Interpreting Biblical Apocalyptic (23): Detecting Apocalyptic Sequences

Before we take up the analysis of Revelation 12, I would like to lay out some principles for detecting apocalyptic sequencing in the symbolic visions of the Apocalypse. It is not appropriate to force a chapter into the historicist mode if that was not the intention of the text. We must allow the characteristics and purposes of each text to emerge out of the text. Only then can we accurately determine whether the chapter is a historical apocalypse or not.

Textual Markers
A significant indicator of an apocalyptic historical sequence is the presence of terms and developments in a text that indicate the successive passage of time. A major reason that the Daniel and Revelation Committee, for example, saw the trumpets as more apocalyptic than the seals was the presence of significant textual markers that time was passing as you moved through the trumpets, while such textual markers are completely missing in the seals.

The seven trumpets (Rev 8:2-11:18), for one thing, contain a number of time periods. There is a period of five months (Rev 9:5,10), a period of forty-two months (Rev 11:2), a period of 1260 days (11:3) and a period of three and a half days (11:9,11). No such periods of time are found anywhere within the seven seals (Rev 4:1-8:1), with the exception of the half-hour at the close. The sequential nature of the trumpets is strongly confirmed by the woe series after the fourth (Rev 8:13). The first woe (fifth trumpet) ends before the second begins (9:12) and the second (sixth trumpet) ends before the third (seventh trumpet) begins (11:14). Trumpets five, six, and seven, therefore, not only occur as a sequence of time, each is completed before the next begins. This is a strong parallel to the apocalyptic sequences of Daniel. One further marker of the passage of time in the trumpets is found in Rev 10:7. There the blowing of the seventh trumpet immediately follows the completion of God’s mystery, which is defined as the preaching of the gospel through God’s servants the prophets. The textual markers in the seventh trumpet, therefore, strongly suggest that the vision of the seven trumpets is to be interpreted as an apocalyptic sequence of historical events. Further research also indicates that the trumpets run from NT times (the time of the human author) to the end of time.

Character Introduction
Another significant indicator of the passage of time in Revelation is the literary strategy we could call character introduction. Consistently throughout the book, the author of Revelation introduces characters in general terms before describing their actions at the time of the vision. In other words, when a character appears in the book for the first time, there is a general description of the character’s appearance, and often a number of prior actions (and occasionally even future actions), followed by a description of the actions the character takes in the context of the vision’s own time and place setting. These character introduction passages normally offer clear markers of sequence.

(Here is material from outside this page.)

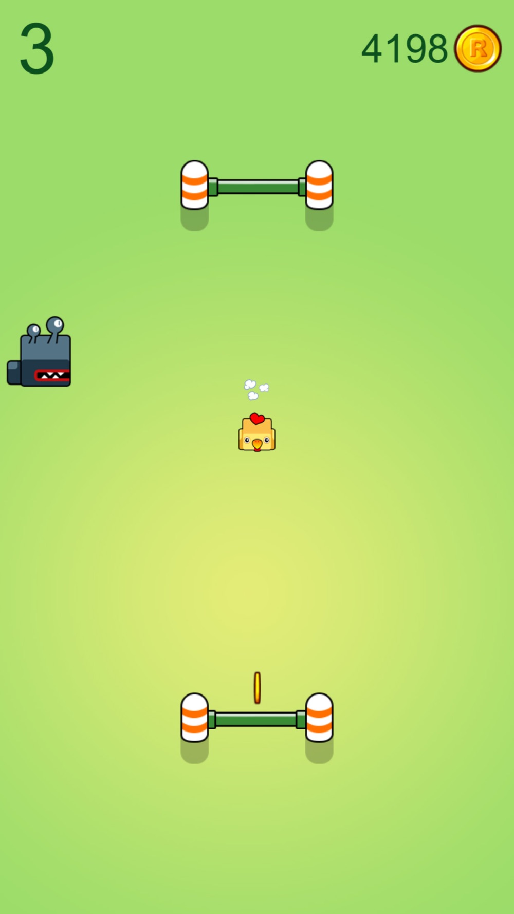 Bouncing Chicken is a funny game. Start as a yellow duck, bounce back and forth to avoid killer monster, collect coins and try to get the highest score.

When Jesus is introduced to John in chapter 1, the historical setting is John’s location on the Island of Patmos (Rev 1:9). John then goes into vision and sees one like a son of man. This is the first appearance of Jesus in the book, although He and His works are mentioned earlier (1:1,4-7). While this passage (Rev 1:9-3:22) has few other characteristics of an apocalyptic prophecy, there is a clear movement in time taking place as you work through the passage. John first hears Jesus’ voice sounding like a trumpet (1:9-11), then he sees and describes Him (1:12-16), then he experiences His comforting and explanatory words (1:17-20), finally he hears His messages to the seven churches (2:1-3:22).

A similar thing happens in chapter 11. The visionary setting of the two witnesses passage is Rev 10:8-11, where a voice out of heaven and the angel of the previous vision (Rev 10:1-7) engage John in a prophetic action (10:8-10), followed by an explanation. As we have seen from our study of Daniel 2 and 7, explanations come to the prophet in terms of his own time and place. Since John continues to be engaged (Rev 11:1-2) and addressed (11:3ff.) in Revelation 11, the standpoint from which John experiences chapter 11 is his own. It is not surprising, therefore, that the major time markers of 42 months and 1260 days are expressed in the future tense (Rev 11:2; Rev 11:3. These periods of time were future from the perspective of John.

The two witnesses themselves are introduced with a description of their appearance and an overall description of their characteristics and their actions in the present (11:4-6) and in the future tense (11:3). These present and future tenses are to be understood from the perspective of an explanation to John in terms of his own time and place. The entire character introduction passage (11:3-6), the elements in future tense (3) as well as those in present tense (4-6), occurs prior to the visionary description that follows (11:7-13).

The following time sequence, therefore, is evident in Rev 10:8-11:12. John is engaged and addressed by a voice from heaven and a visionary angel in his time and place. He then measures the temple, which is to be trampled for 42 months in John’s future, presumably the same period as the 1260 days of 11:3. Then the two witnesses are introduced. Whoever they are, they clearly exist in John’s day (present tenses) and have an ongoing existence. At some future point from John’s perspective, the two witnesses pass through a 1260 day period of testimony. It is only after that period of testimony that the martyrdom of these witnesses and their resurrection is to occur.